GIVEN INFORMATION Start Marker
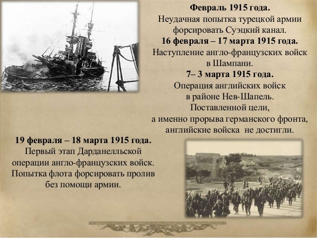 35. 35. Февраль 1915 года. Неудачная попытка турецкой армии форсировать Суэцкий канал. 16 февраля – 17 марта 1915 года. Наступление англо-французских войск в Шампани. 7– 3 марта 1915 года. Операция английских войск в районе Нев-Шапель. Поставленной цели, а именно прорыва германского фронта, английские войска не достигли. 19 февраля – 18 марта 1915 года. Первый этап Дарданелльской операции англо-французских войск. Попытка флота форсировать пролив без помощи армии.
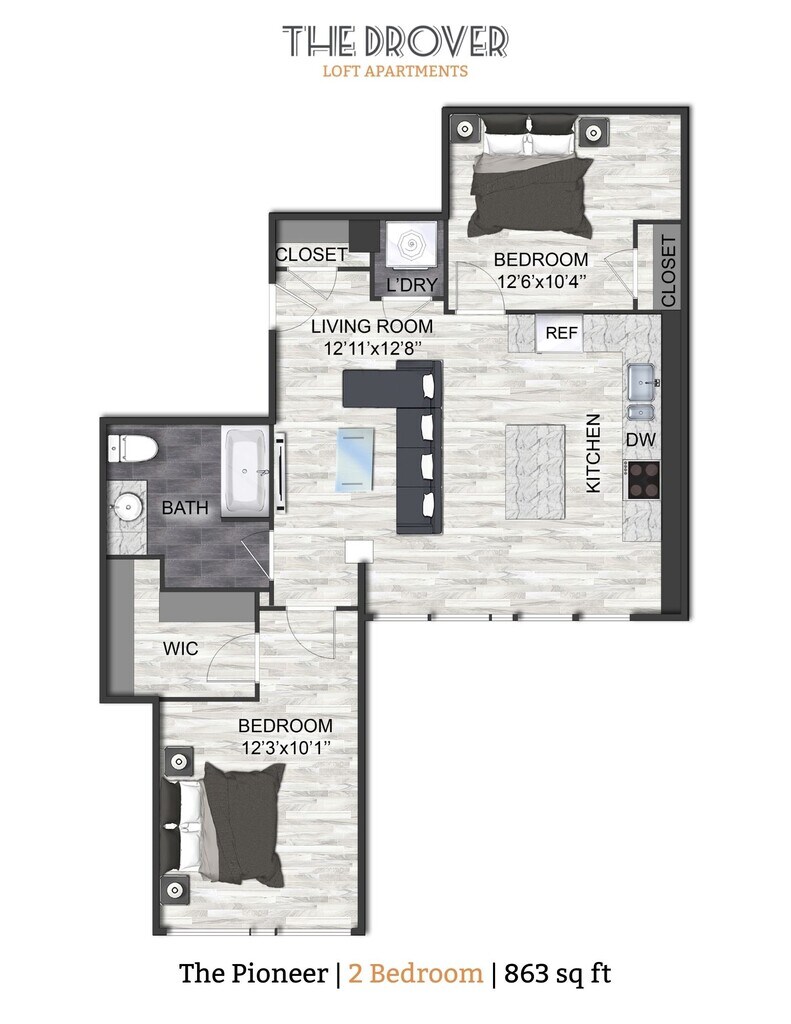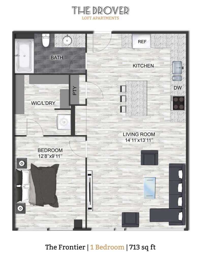 Modelo de apartamento: The Traverse$1,2941 Dormitorio, 1 Baño, 566 sq ftDisponible AhoraLos planos son representaciones artísticas. Todas las dimensiones son aproximadas. El producto y las especificaciones reales pueden variar en tamaño o detalle. No todas las características están disponibles en cada vivienda en alquiler. Por favor, consulta con un representante para obtener más detalles.
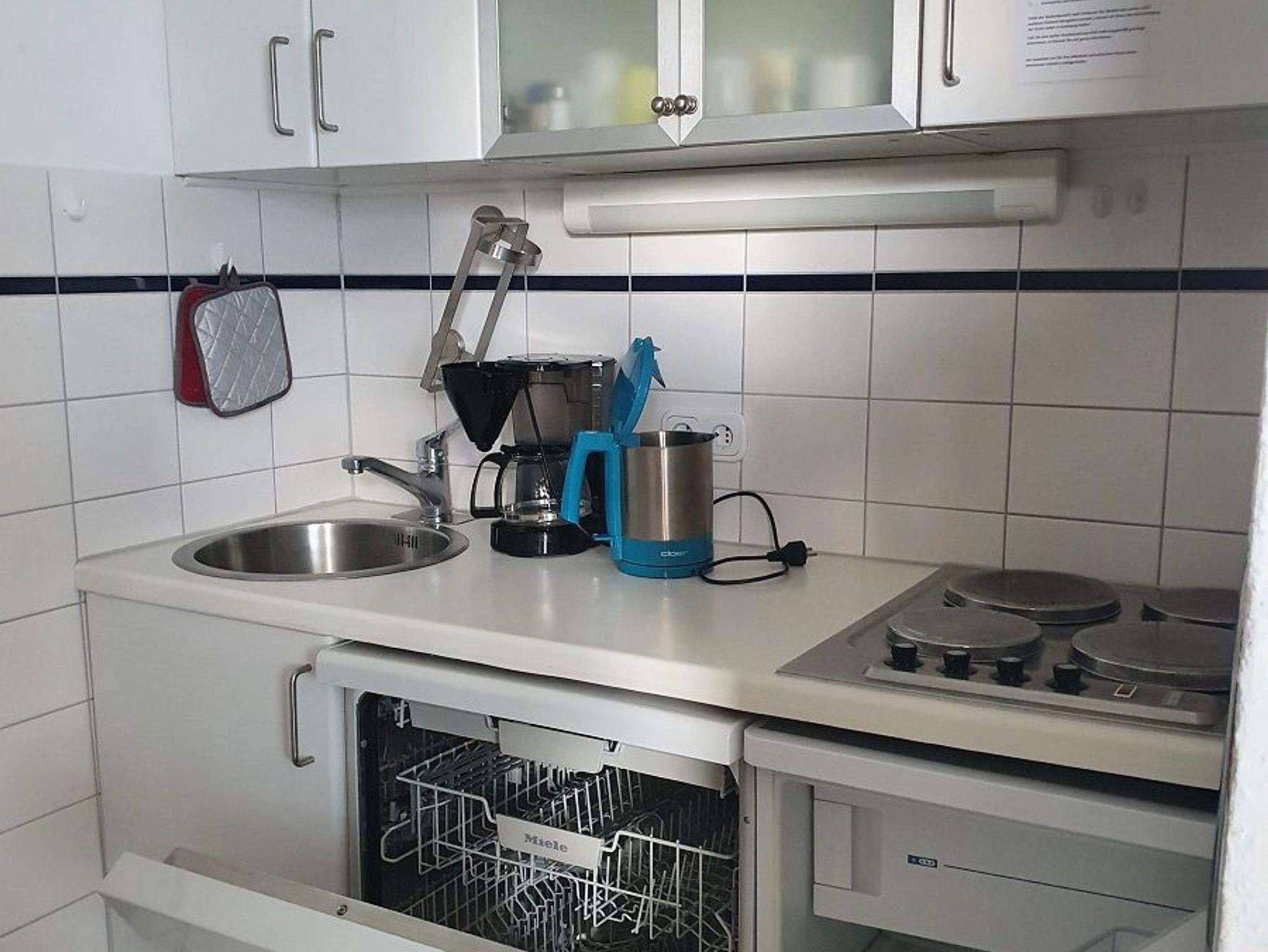 Küche: Mikrowelle, Geschirrspüler, Kühlschrank mit Gefrierfach, Herd mit 4 Kochplatten, Filterkaffeemaschine
GIVEN INFORMATION End Marker
▶ _TASK_
Except for the pictures, print the data above exactly.

▶ _ANSWER TO THE EXERCISE_
 35. 35. Февраль 1915 года. Неудачная попытка турецкой армии форсировать Суэцкий канал. 16 февраля – 17 марта 1915 года. Наступление англо-французских войск в Шампани. 7– 3 марта 1915 года. Операция английских войск в районе Нев-Шапель. Поставленной цели, а именно прорыва германского фронта, английские войска не достигли. 19 февраля – 18 марта 1915 года. Первый этап Дарданелльской операции англо-французских войск. Попытка флота форсировать пролив без помощи армии.
 Modelo de apartamento: The Traverse$1,2941 Dormitorio, 1 Baño, 566 sq ftDisponible AhoraLos planos son representaciones artísticas. Todas las dimensiones son aproximadas. El producto y las especificaciones reales pueden variar en tamaño o detalle. No todas las características están disponibles en cada vivienda en alquiler. Por favor, consulta con un representante para obtener más detalles.
 Küche: Mikrowelle, Geschirrspüler, Kühlschrank mit Gefrierfach, Herd mit 4 Kochplatten, Filterkaffeemaschine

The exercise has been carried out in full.